Model	Params	GMACs	LM	AS-Norm	Vox1-O EER(%)	Vox1-E EER(%)	Vox1-H EER(%)
⬦ ReDimNet-B0	1.0M	0.43	✓	✗	1.16	1.25	2.20
⬥ ReDimNet-B0			✓	✓	1.07	1.18	2.01
NeXt-TDNN-l (C=128,B=3)	1.6M	0.29*	✗	✓	1.10	1.24	2.12
NeXt-TDNN (C=128,B=3)	1.9M	0.35*	✗	✓	1.03	1.17	1.98
⬦ ReDimNet-B1	2.2M	0.54	✓	✗	0.85	0.97	1.73
⬥ ReDimNet-B1			✓	✓	0.73	0.89	1.57
ECAPA (C=512)	6.4M	1.05	✗	✓	0.94	1.21	2.20
NeXt-TDNN-l (C=256,B=3)	6.0M	1.13*	✗	✓	0.81	1.04	1.86
CAM++	7.2M	1.15	✓	✗	0.71	0.85	1.66
NeXt-TDNN (C=256,B=3)	7.1M	1.35*	✗	✓	0.79	1.04	1.82
⬦ ReDimNet-B2	4.7M	0.90	✓	✗	0.57	0.76	1.32
⬥ ReDimNet-B2			✓	✓	0.52	0.74	1.27
ECAPA (C=1024)	14.9M	2.67	✓	✗	0.98	1.13	2.09
DF-ResNet56	4.5M	2.66	✗	✓	0.96	1.09	1.99
Gemini DF-ResNet60	4.1M	2.50*	✗	✓	0.94	1.05	1.80
⬦ ReDimNet-B3	3.0M	3.00	✓	✗	0.50	0.73	1.33
⬥ ReDimNet-B3			✓	✓	0.47	0.69	1.23
ResNet34	6.6M	4.55	✓	✗	0.82	0.93	1.68
Gemini DF-ResNet114	6.5M	5.00	✗	✓	0.69	0.86	1.49
⬦ ReDimNet-B4	6.3M	4.80	✓	✗	0.51	0.68	1.26
⬥ ReDimNet-B4			✓	✓	0.44	0.64	1.17
Gemini DF-ResNet183	9.2M	8.25	✗	✓	0.60	0.81	1.44
DF-ResNet233	12.3M	11.17	✗	✓	0.58	0.76	1.44
⬦ ReDimNet-B5	9.2M	9.87	✓	✗	0.43	0.61	1.08
⬥ ReDimNet-B5			✓	✓	0.39	0.59	1.05
ResNet293	23.8M	28.10	✓	✗	0.53	0.71	1.30
ECAPA2	27.1M	187.00*	✓	✗	0.44	0.62	1.15
⬦ ReDimNet-B6	15.0M	20.27	✓	✗	0.40	0.55	1.05
⬥ ReDimNet-B6			✓	✓	0.37	0.53	1.00

* - means values have been estimated.

Usage

Requirement

PyTorch>=2.0

Examples

import torch

# To load pretrained on vox2 model without Large-Margin finetuning
model = torch.hub.load('IDRnD/ReDimNet', 'b0', pretrained=True, finetuned=False)

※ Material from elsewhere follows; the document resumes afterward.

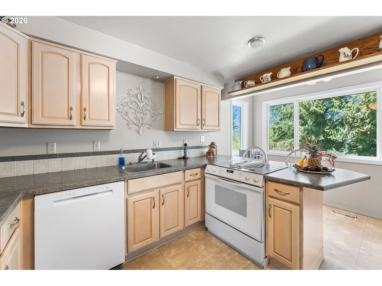 Welcome to this beautifully maintained 3-bedroom, 2.1-bath home offering 2,023 sq ft of comfortable living on a spacious 1/4-acre corner lot in the heart of Estacada. This property combines thoughtful updates with inviting indoor and outdoor spaces.Step inside to a light-filled, open-concept layout perfect for everyday living and entertaining. The spacious living area flows into a well-appointed kitchen with ample cabinetry, generous counter space, and a dining area that opens to the fully fenced backyard. Recent upgrades include a brand new HVAC system for year-round comfort and efficiency, a newly rebuilt deck, and a new concrete approach—providing both peace of mind and added curb appeal. Enjoy outdoor living with a covered patio and expansive yard, ideal for relaxing, gardening, or hosting gatherings. The primary suite offers a private retreat with an ensuite bath, while additional bedrooms provide flexibility for guests, a home office, or hobbies. Complete with a 2-car garage and located just minutes from downtown Estacada, parks, trails, and the Clackamas River, this home delivers the perfect blend of comfort, space, and Pacific Northwest lifestyle.
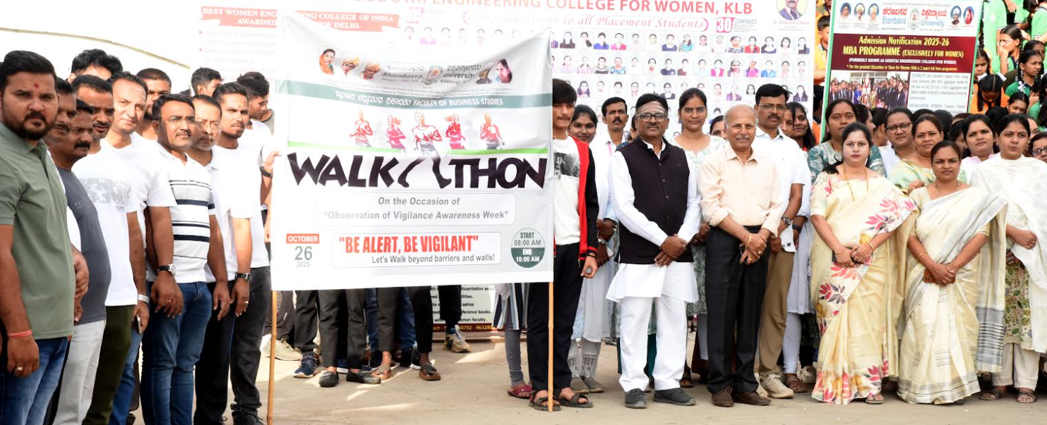 Students of Sharnbasva University and Appa Public School organised a walkathon on Sunday in Kalaburagi to mark the observance of Vigilance Awareness Week. The event, arranged by the Faculty of Business Studies, aimed to spread awareness about the need to fight corruption and protect the rights of women and weaker sections of society.

# To load pretrained on vox2 model with Large-Margin finetuning:
model = torch.hub.load('IDRnD/ReDimNet', 'b0', pretrained=True, finetuned=True)

Citation

If you find this work or code is helpful in your research, please cite (will be updated after Interspeech 2024 publication):

@misc{yakovlev2024reshapedimensionsnetworkspeaker,
      title={Reshape Dimensions Network for Speaker Recognition}, 
      author={Ivan Yakovlev and Rostislav Makarov and Andrei Balykin and Pavel Malov and Anton Okhotnikov and Nikita Torgashov},
      year={2024},
      eprint={2407.18223},
      archivePrefix={arXiv},
      primaryClass={eess.AS},
      url={https://arxiv.org/abs/2407.18223}, 
}

Acknowledgements

For training model we used wespeaker pipeline. We ported some layers from transformers.